The National Arts Summit

By January 19, 2013Education, Music, Other, Society

Because 2013 is the Centenary year of the national capital, about which I have written before, Canberra is hosting a number of national meetings this year, and one of them is the National Arts Summit. It will take place at the ANU School of Music on Tuesday February 12th, and what occurs there will have some effect on the emerging National Cultural Policy. I have a minor role in it, delivering a paper by Hugh Mackay, who can’t be there, so I declare that I have an interest.

Ordinarily, I would have to say, I steer clear of ‘summits’ and ‘national policies’. I agree that they are necessary, at least for governments, but our past experience with them is not an altogether happy one. This one will have plenty of the good and great there, like poet Les Murray, Robyn Archer, a national arts policy in herself, conductor Richard Gill, economist David Throsby, who has looked hard, and sympathetically, at the economics of the arts, and presenter Christopher Lawrence, of ABC Classic FM.

As you would expect about anything to do with the arts, this gathering is not well supported financially and is being put on by making a very small amount of money go a very long way. I have a decade and more of experience of that process in the Canberra International Music Festival, whose 19th offering is coming in May this year. Everyone talks about how important the arts is, but when there’s a suggestion that we should put real money into it, we get told of ‘competing priorities’ and ‘jobs’. Enough of that.

What attracts me most to the possibilities of the summit is something to do with one of my chief interests — the creative development of young people. Those attending will be able to take part in a mentorship scheme: mentorship slips — both offering and seeking artistic mentorship — will be distributed and then collected during the day. The slips will be then forwarded to the ACT colleges to match the young, emerging artists with their mentors. This proposal is a little different to existing schemes where schools and colleges have a visitng artist, and could be adopted in other States and the Northern Territory.

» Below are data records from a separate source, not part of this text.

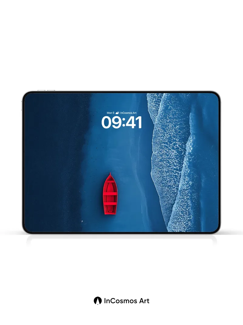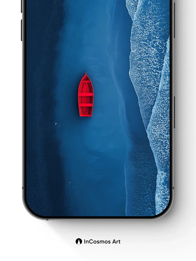 Calm Crimson Boat Wallpaper with Ocean Veil
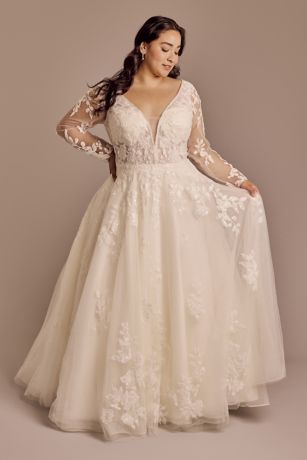 As sexy as it is graceful, this long-sleeve tulle wedding dress pairs a plunging neckline and V-shaped side panels with a ball gown silhouette and lace appliques. Interior boning ensures the intricate beading won't weigh you down.
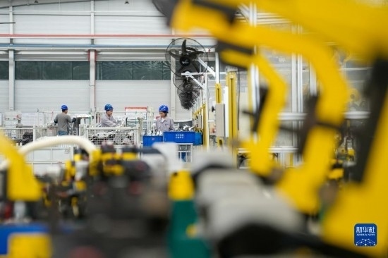 5月4日,在浙江省湖州市長興經(jīng)濟(jì)技術(shù)開發(fā)區(qū)一家汽車部件有限公司,工人生產(chǎn)新能源汽車配件。
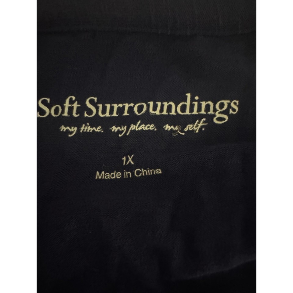 Effortlessly chic and breathable, this Soft Surroundings sleeveless tunic features a relaxed swing silhouette in a deep navy blue. Made from a soft and stretchy blend of 95% viscose and 5% spandex, it offers a flattering drape with a V-neckline and vertical front seam for added shape. Perfect for layering or wearing solo through warm seasons. Brand Soft Surroundings Condition Gently used ? excellent condition, no visible flaws Primary Color Navy Blue Style Swing Tunic Tank Top
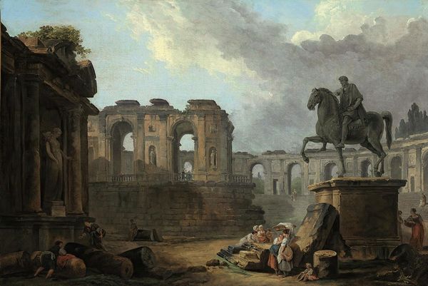Curator: Before us hangs Claude Lorrain's "Aeneas and Dido in Carthage," completed around 1675. It’s a gorgeous oil painting presently residing at the Kunsthalle Hamburg. Editor: Immediately, I'm struck by the overwhelming sense of impending doom. Even the luminous landscape can't mask the tension between these figures. Curator: Yes, there’s an almost theatrical arrangement to the characters, reminiscent of staged tableaux. Notice the prevalence of architectural features—they really emphasize themes of power and civilization. Lorrain consistently used the light to create depth, inviting the eye deeper into the scene, both literally and metaphorically. Editor: Definitely. And situating the narrative from Virgil's Aeneid within the backdrop of what looks like idealized Roman architecture… It's a complex commentary on colonialism and cultural exchange. Aeneas's "destiny," as it’s portrayed, is dependent upon the tragedy and exploitation of Dido. Look how isolated she appears from her people! Curator: You raise a powerful point. And consider the deer—it could represent Dido’s vulnerability or the hunt, a symbol linked with royalty but also mortality, reminding us of her fate and ultimately her suicide in the original story. Classical Roman dress serves to add gravitas. The light itself could symbolize divine will, almost preordained. Editor: Precisely. That’s precisely where my discomfort originates. This aesthetic beauty acts as a veneer for a complicated scene of betrayal and conquest, softening and somewhat obscuring its ethically fraught foundation. We should engage critically with those narratives now more than ever, I believe. Curator: I see what you mean; there are layers of complexity beneath this picturesque facade, both beautiful and troubling. Editor: It serves as a constant reminder to reflect critically on these historical images and question who truly profits from such supposedly “golden age” stories.
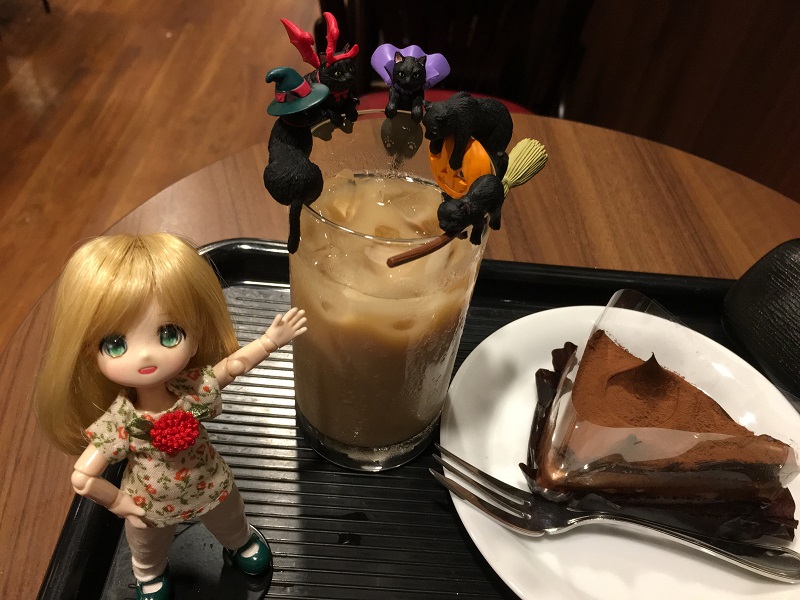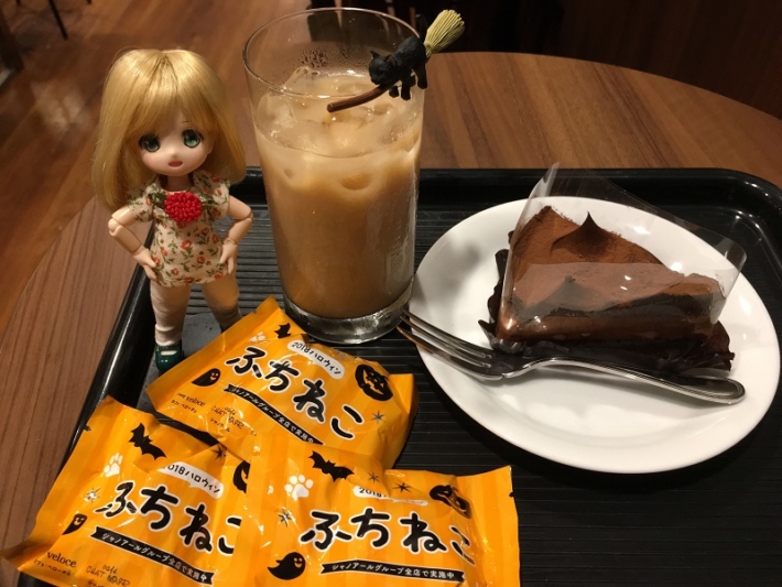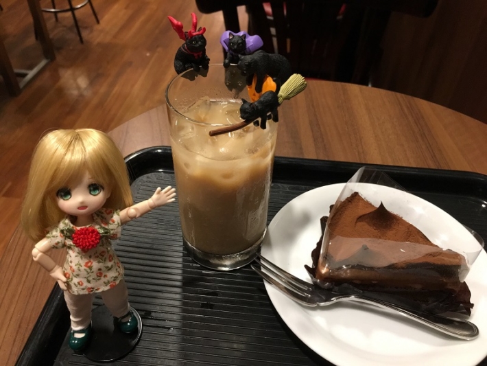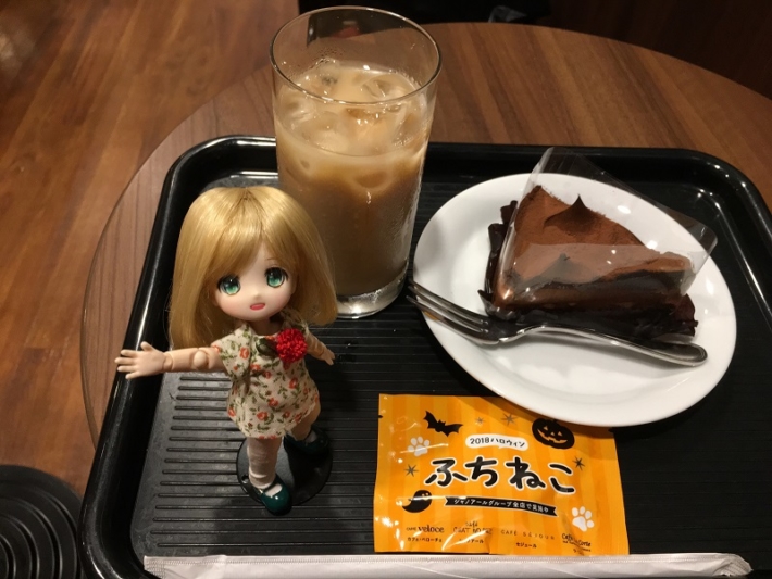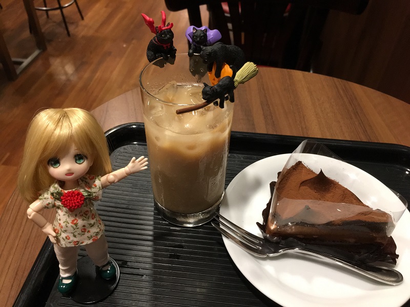 アイスカフェオーレ(\240)、生チョコケーキ(\350)

Why would older artists bother? My sense of it is that artists enjoy the opportunity to discover young aspirants in their own field, who remind the older ones of what it was like when they themselves were young — and to some degree all artistic life, if it is full-blown, is rather solitary and lonely. To encounter young ones is to be refreshed. The young need to know that sustaining an artistic career is a most unrelenting endeavour, and that you need supportive networks — and that they exist. They also need to know that you can do it, and that there is a successful role model attached in some way to your school whose experience and wisdom you might be able to tap.

If that idea succeeds the National Arts Summit will have been a great success, whatever contribution it otherwise makes to the emerging National Cultural Policy (which was actually expected last year). What would I want from such a policy? Since I have been through too many ‘education revolutions’ and ‘arts reviews’ my expectations are not high. I would shrug a bit at any suggestion that we need a dozen or so ‘fellowships’ to support emerging geniuses in one field or another. There’s a case for one or two. Finland supported Sibelius from 1897, when he was really emerging — he had still to write his first symphony and the violin concerto. And my understanding is that the infant NHMRC, before the Second World War, decided that it didn’t have enough money to do anything of consequence, so it funded two young chaps to go off to the UK to learn more. They were Macfarlane Burnet and John Eccles, and both went on to win Nobel Prizes for medicine.

No, what we need in contemporary Australia is infrastructure: money to build orchestras, theatres, concert halls, training schools, and to support good teachers at every level. The state should not see itself as a patron so much as a facilitator. What happens in the arts, all of them, should come from the bottom up, not from the top down. Yes, I do know about the Medici. Australia is not Florence in the 15th century. It is a country of 23 million people whose population, compared with Florence at that time, is highly educated, affluent and creative. We need to enable creativity to flourish, not decide who is creative and who is not. Later generations will tell us that.

To return to the Arts Summit: if that little idea of mentorship gets attention, and is enabled across the country, we could see, in time, a real enabling of creativity. And that will be good for us all.